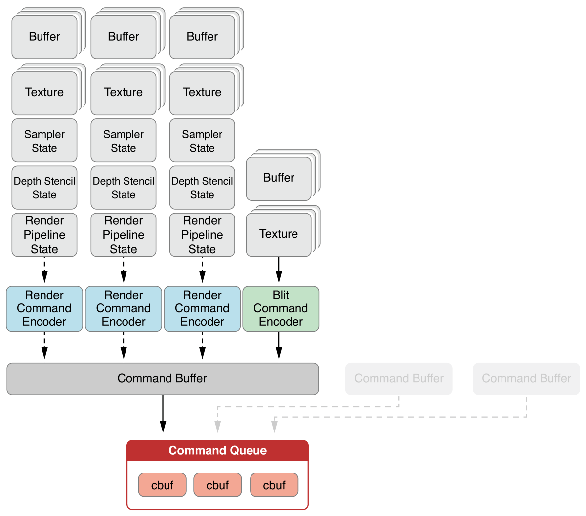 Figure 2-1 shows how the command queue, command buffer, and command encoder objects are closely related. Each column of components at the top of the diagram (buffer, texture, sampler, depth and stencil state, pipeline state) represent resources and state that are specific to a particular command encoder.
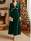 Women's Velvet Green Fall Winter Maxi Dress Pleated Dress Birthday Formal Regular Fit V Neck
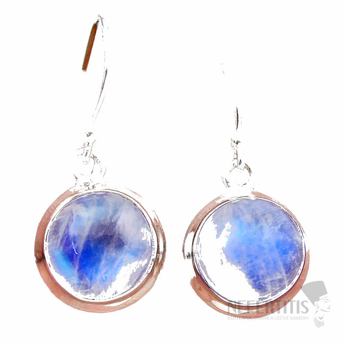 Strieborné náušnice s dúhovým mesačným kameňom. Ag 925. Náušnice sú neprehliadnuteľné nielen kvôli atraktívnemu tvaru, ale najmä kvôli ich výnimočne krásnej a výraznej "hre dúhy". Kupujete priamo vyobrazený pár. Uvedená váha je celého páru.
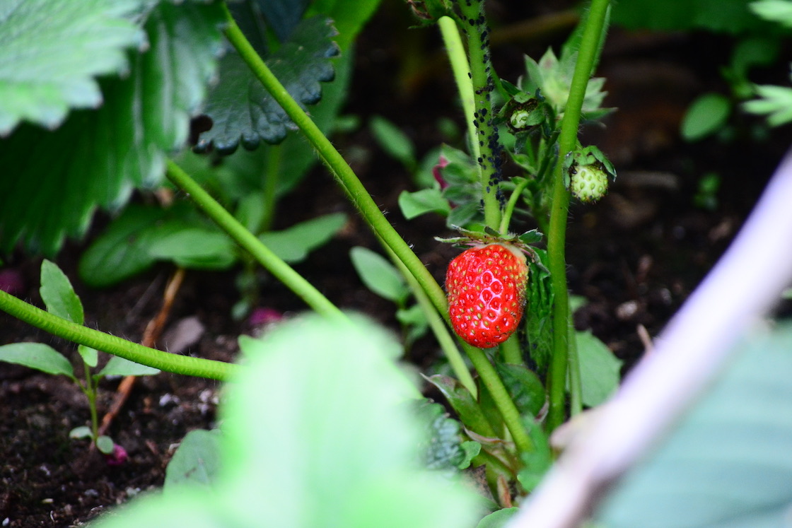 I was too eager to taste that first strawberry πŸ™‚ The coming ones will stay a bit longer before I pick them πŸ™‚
# # #
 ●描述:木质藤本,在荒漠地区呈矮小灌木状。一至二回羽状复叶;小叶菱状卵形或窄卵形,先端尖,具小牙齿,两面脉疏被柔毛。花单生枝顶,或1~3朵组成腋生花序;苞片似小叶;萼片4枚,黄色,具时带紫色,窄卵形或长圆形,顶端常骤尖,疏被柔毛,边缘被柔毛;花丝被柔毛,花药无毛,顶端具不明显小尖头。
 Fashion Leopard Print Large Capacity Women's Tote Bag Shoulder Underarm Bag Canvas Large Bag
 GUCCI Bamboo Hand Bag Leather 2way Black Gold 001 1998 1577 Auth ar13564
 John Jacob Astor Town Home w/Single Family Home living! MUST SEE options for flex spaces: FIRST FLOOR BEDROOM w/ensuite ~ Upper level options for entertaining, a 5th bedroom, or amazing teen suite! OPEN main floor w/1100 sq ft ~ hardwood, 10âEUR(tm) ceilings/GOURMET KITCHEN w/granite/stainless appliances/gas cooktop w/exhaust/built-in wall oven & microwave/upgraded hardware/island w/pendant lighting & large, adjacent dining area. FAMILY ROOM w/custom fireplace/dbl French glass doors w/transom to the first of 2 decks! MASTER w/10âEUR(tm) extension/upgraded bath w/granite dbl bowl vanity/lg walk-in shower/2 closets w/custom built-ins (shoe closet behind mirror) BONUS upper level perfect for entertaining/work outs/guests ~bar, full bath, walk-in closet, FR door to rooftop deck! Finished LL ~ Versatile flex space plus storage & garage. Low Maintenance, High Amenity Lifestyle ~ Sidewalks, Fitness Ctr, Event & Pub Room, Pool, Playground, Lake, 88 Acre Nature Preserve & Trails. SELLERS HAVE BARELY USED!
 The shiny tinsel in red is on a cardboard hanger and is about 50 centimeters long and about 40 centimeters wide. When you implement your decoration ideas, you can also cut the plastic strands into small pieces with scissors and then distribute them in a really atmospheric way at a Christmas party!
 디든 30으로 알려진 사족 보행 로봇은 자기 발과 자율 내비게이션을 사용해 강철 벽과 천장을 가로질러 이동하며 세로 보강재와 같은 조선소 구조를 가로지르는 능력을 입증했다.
# # #
EXERCISE AIM: Copy out the listing above from the line containing "Strieborné náušnice s" to the line containing "I was too eager", both included, exactly as written and minus the images.

WRITTEN RESPONSE:
 Strieborné náušnice s dúhovým mesačným kameňom. Ag 925. Náušnice sú neprehliadnuteľné nielen kvôli atraktívnemu tvaru, ale najmä kvôli ich výnimočne krásnej a výraznej "hre dúhy". Kupujete priamo vyobrazený pár. Uvedená váha je celého páru.
 I was too eager to taste that first strawberry πŸ™‚ The coming ones will stay a bit longer before I pick them πŸ™‚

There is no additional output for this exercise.